‘Today we reboot the planet’ installation by Argentinian artist Adrián Villar Rojas, at the Serpentine Sackler Gallery designed by Zaha Hadid. Image © Serpentine Sackler gallery / Jörg Baumann
‘Today we reboot the planet’ sculptures appear as relics from an imagined future, creating a seemingly fossilized world of ancient monuments. the exhibition space just opened to the public.
Images © Serpentine Sackler gallery / Jörg Baumann
Villar Rojas tells the Guardian:
“The way we are using clay is super-experimental — because the material is too fragile, because the pieces are difficult to transport, because they are cracking, they deteriorate in a totally disproportionate way. I never smash the sculpture to get the cracks. it just happens.”

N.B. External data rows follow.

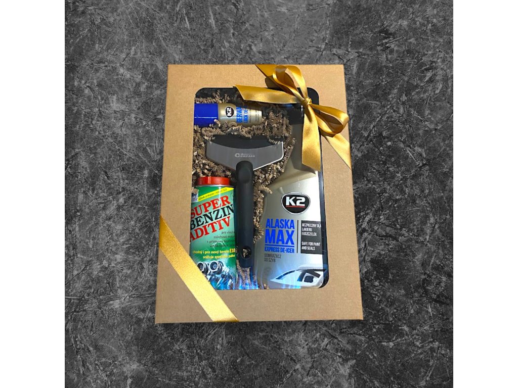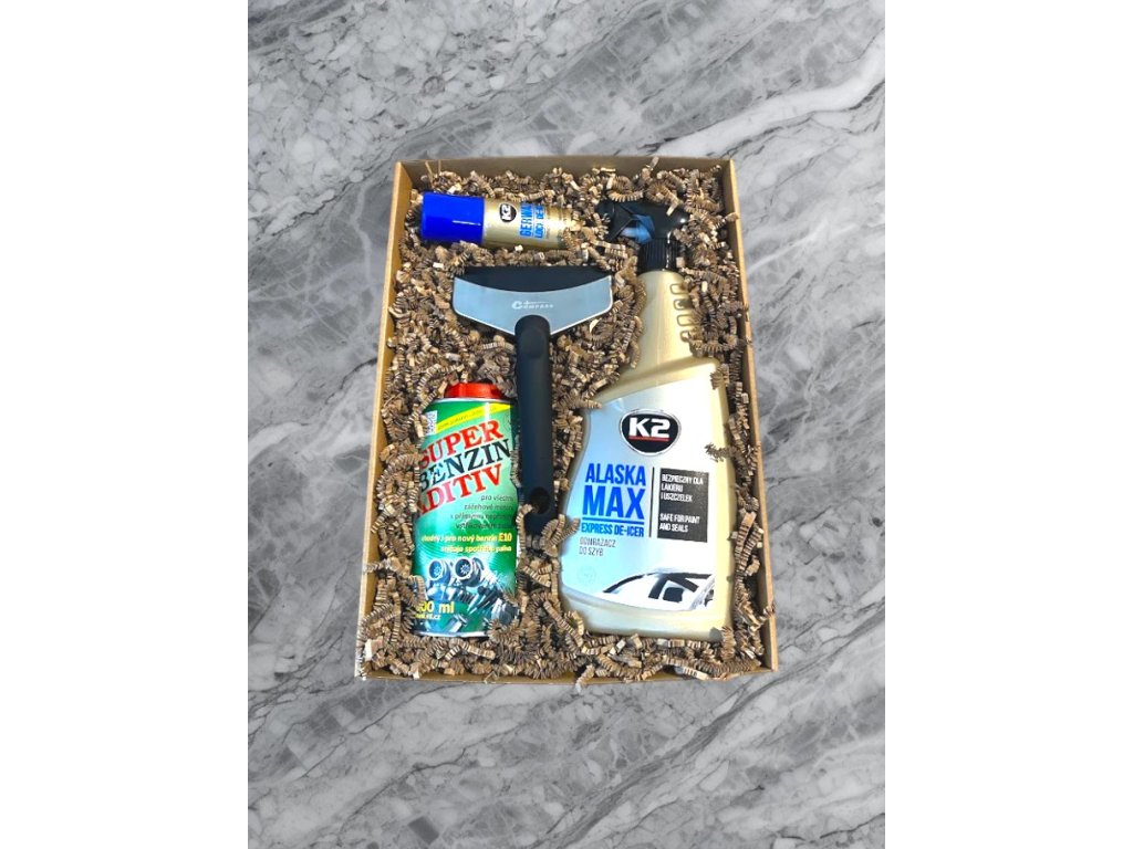 Praktická dárková zimní krabička pro benzínová auta obsahuje vše, co potřebujete do mrazů – aditivum do benzínu, rozmrazovač skel a zámků i škrabku. Ideální dárek pro každého motoristu. ❄️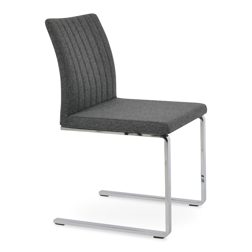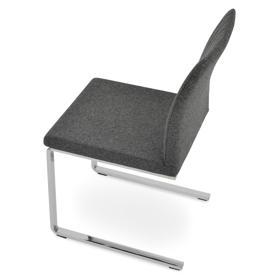 Zeyno Flat is a contemporary chair with a comfortable upholstered seat and backrest on a chrome solid steel sled base with embedded plastic gliders on the bottom. The seat has a steel structure with “S” shape springs for extra flexibility and strength. This steel frame is molded by an injecting polyurethane foam. Zeyno Flat seat is upholstered with a removable velcro enclosed fabric, leatherette, PPM, leather or wool fabric slip cover. Other colors are available as a special order with a minimum quantity required. The chair is suitable for both residential and commercial use. Zeyno Flat is designed by Tayfur Ozkaynak.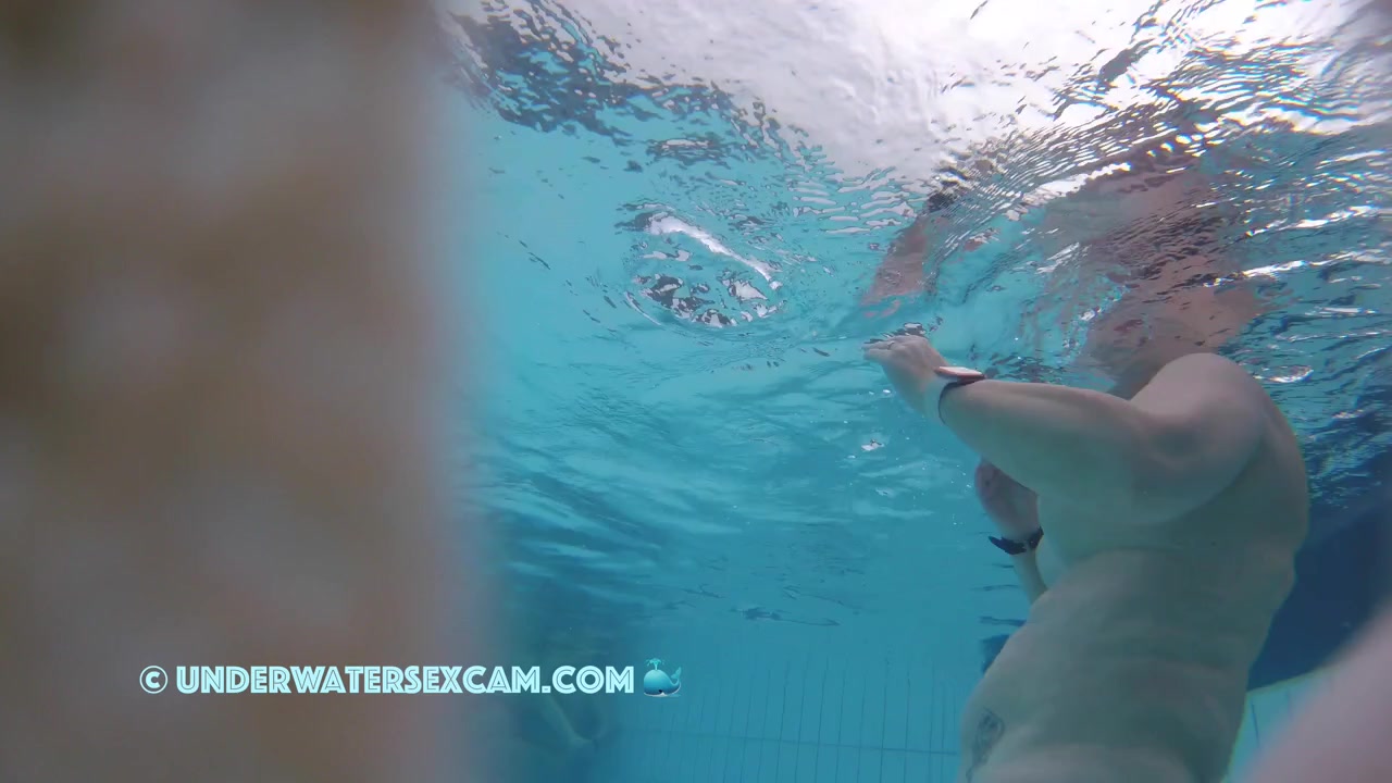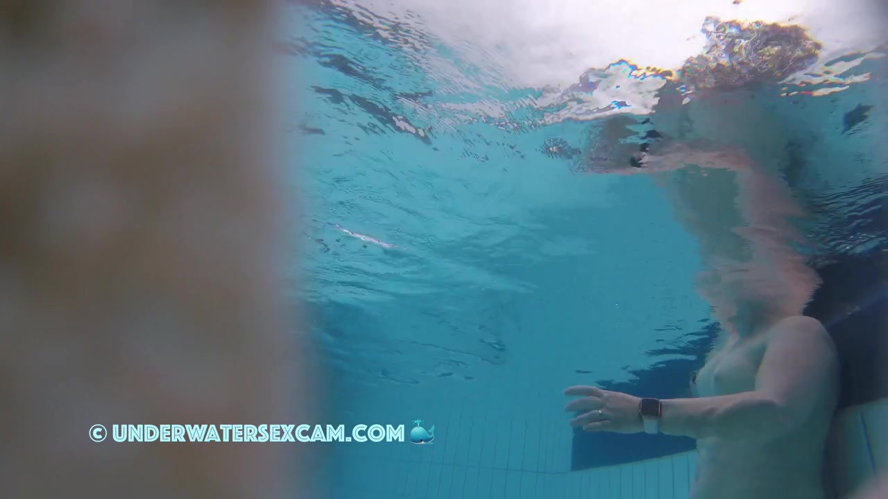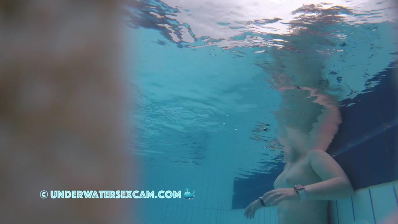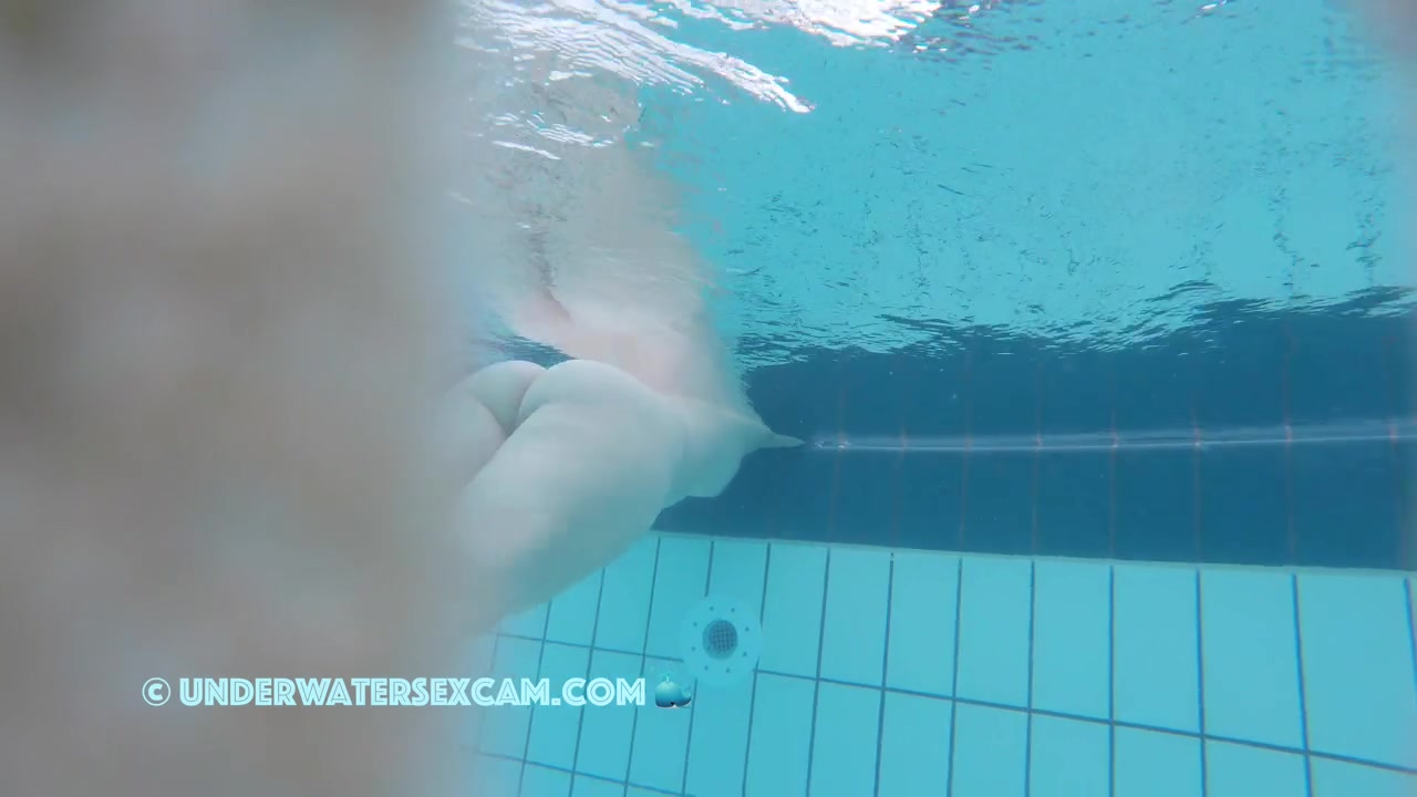Milf loves underwater massage in a public pool while the hidden security camera is filming her.

Serpentine Sackler Gallery by Zaha Hadid:
The Serpentine Sackler Gallery by Zaha Hadid Architects gives new life to The Magazine, a former 1805 gunpowder store, located seven minutes’ walk from the Serpentine Gallery on the north side of the Serpentine Bridge. With 900 square metres of new gallery, restaurant and social space, the Serpentine’s second space in Kensington Gardens is a new cultural destination in the heart of London. This autumn, the Serpentine presents its unrivalled programme of exhibitions and events across both Galleries and into Kensington Gardens.
The Serpentine Sackler Gallery consists of two distinct parts, namely the conversion of a classical 19th century brick structure – The Magazine – and a 21st century tensile structure. The Magazine was designed as a Gunpowder Store in 1805. It comprises two raw brick barrel vaulted spaces (where the gunpowder was stored) and a lower square-shaped surrounding structure with a frontal colonnade.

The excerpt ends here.